WORK ITEM:
Print exactly the line that contains "Двухлетняя жительница Непала", then every following line through the end of the material; include nothing else and no pictures.

===== MATERIAL PROVIDED

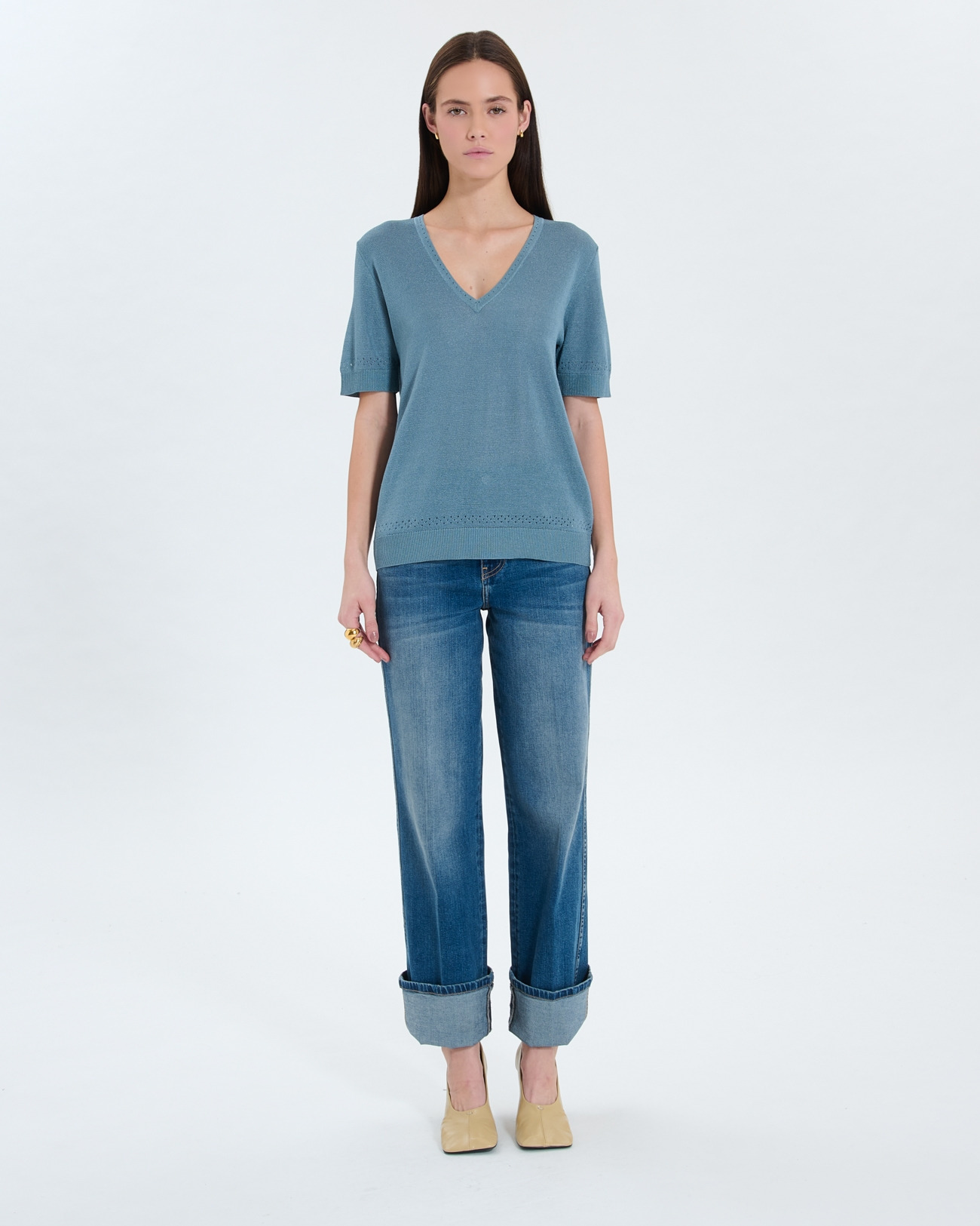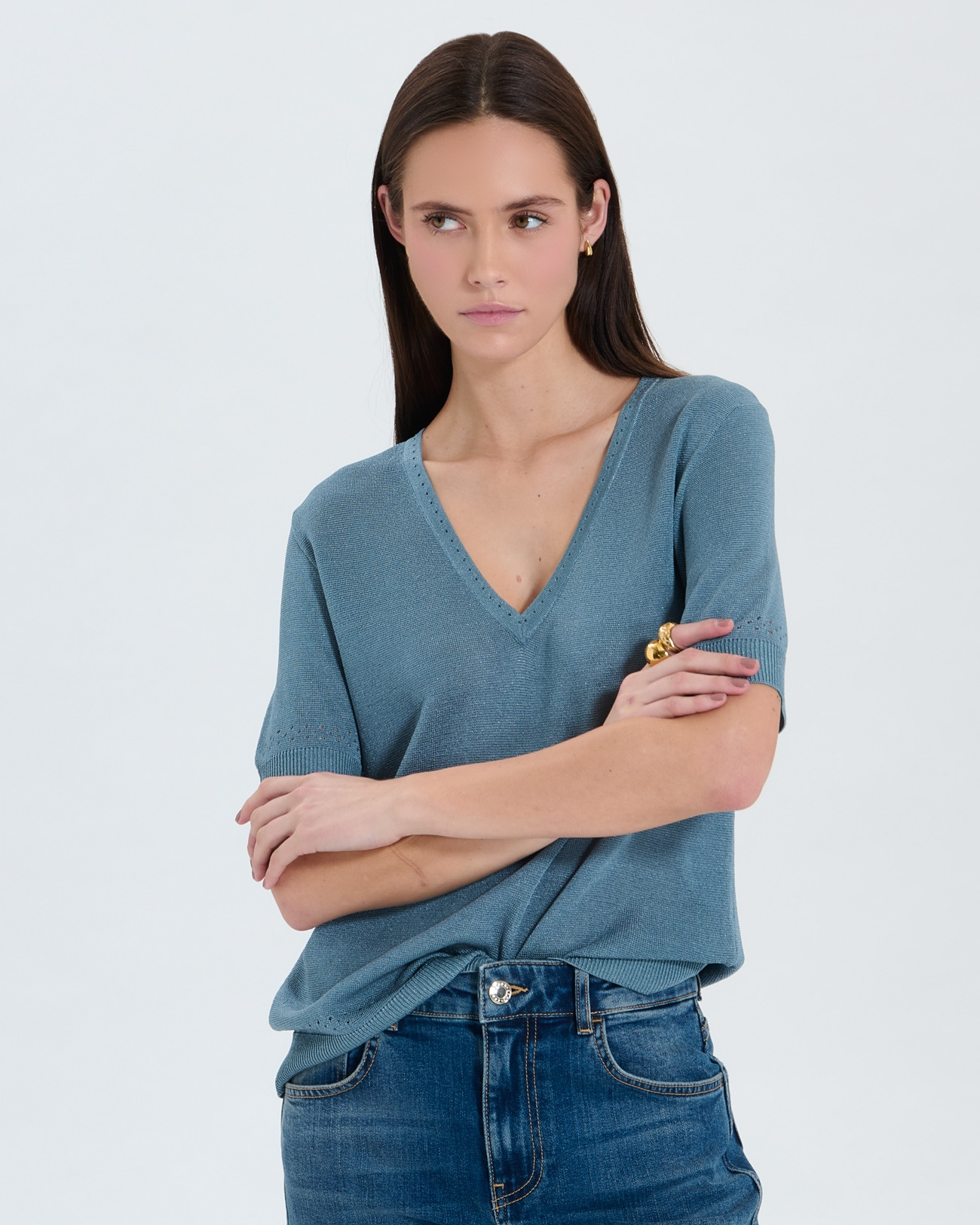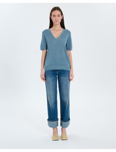 Sublimez votre allure avec ce pull col V bleu hortensia, alliant finesse et modernité. Une pièce légère qui apporte élégance et confort à votre quotidien.
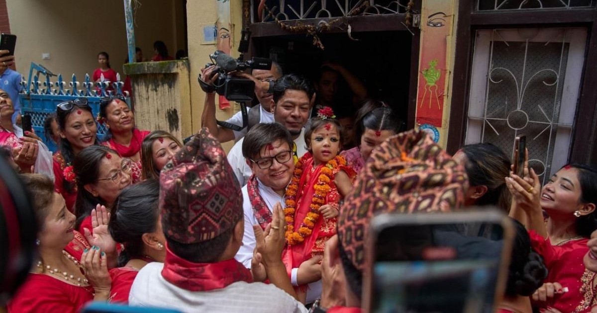 Двухлетняя жительница Непала стала новой Кумари — воплощением индуистской богини Таледжу. Девочка прошла испытание на храбрость: ей показали несколько принесённых в жертву буйволов и людей в масках, танцующих в крови. Малышка не испугалась.
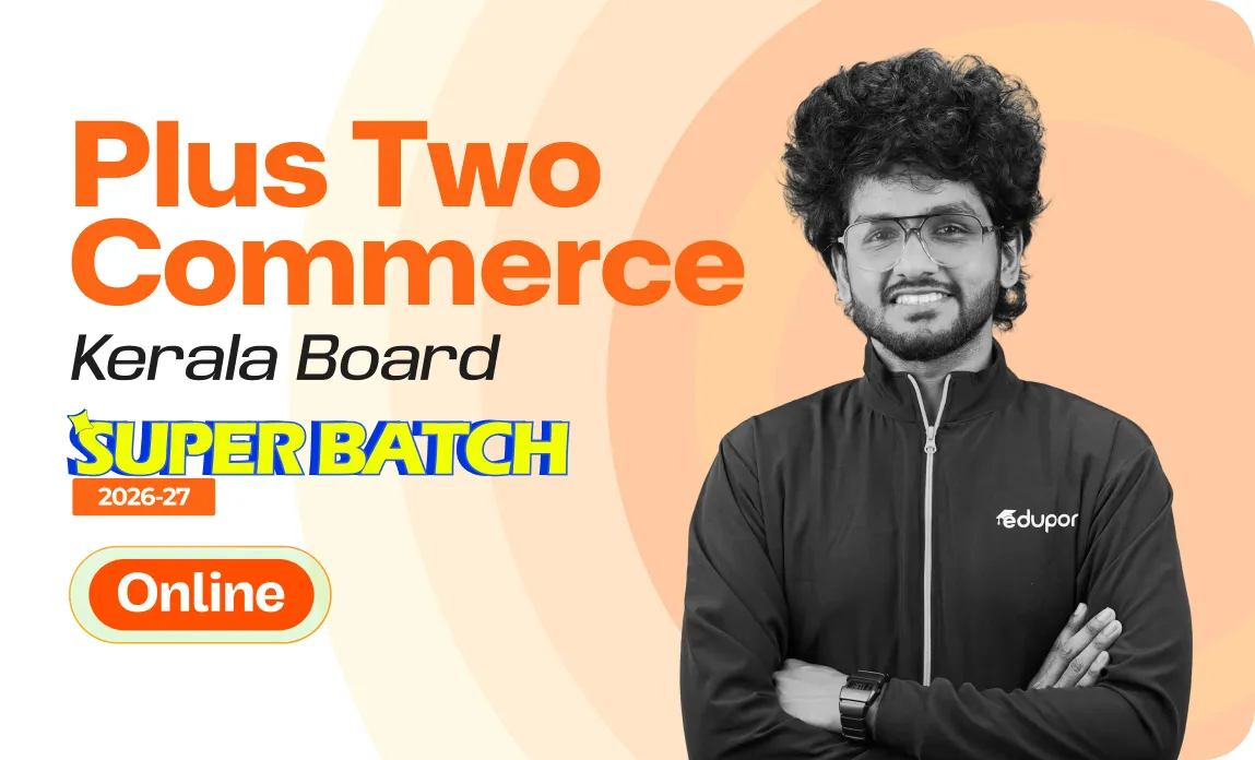 Eduport’s Plus Two Commerce program is a one-year online course for Kerala State Board students, offering recorded and live classes, premium materials, expert mentorship, and AI tools for thorough understanding and board readiness.

==========

TASK OUTPUT:
 Двухлетняя жительница Непала стала новой Кумари — воплощением индуистской богини Таледжу. Девочка прошла испытание на храбрость: ей показали несколько принесённых в жертву буйволов и людей в масках, танцующих в крови. Малышка не испугалась.
 Eduport’s Plus Two Commerce program is a one-year online course for Kerala State Board students, offering recorded and live classes, premium materials, expert mentorship, and AI tools for thorough understanding and board readiness.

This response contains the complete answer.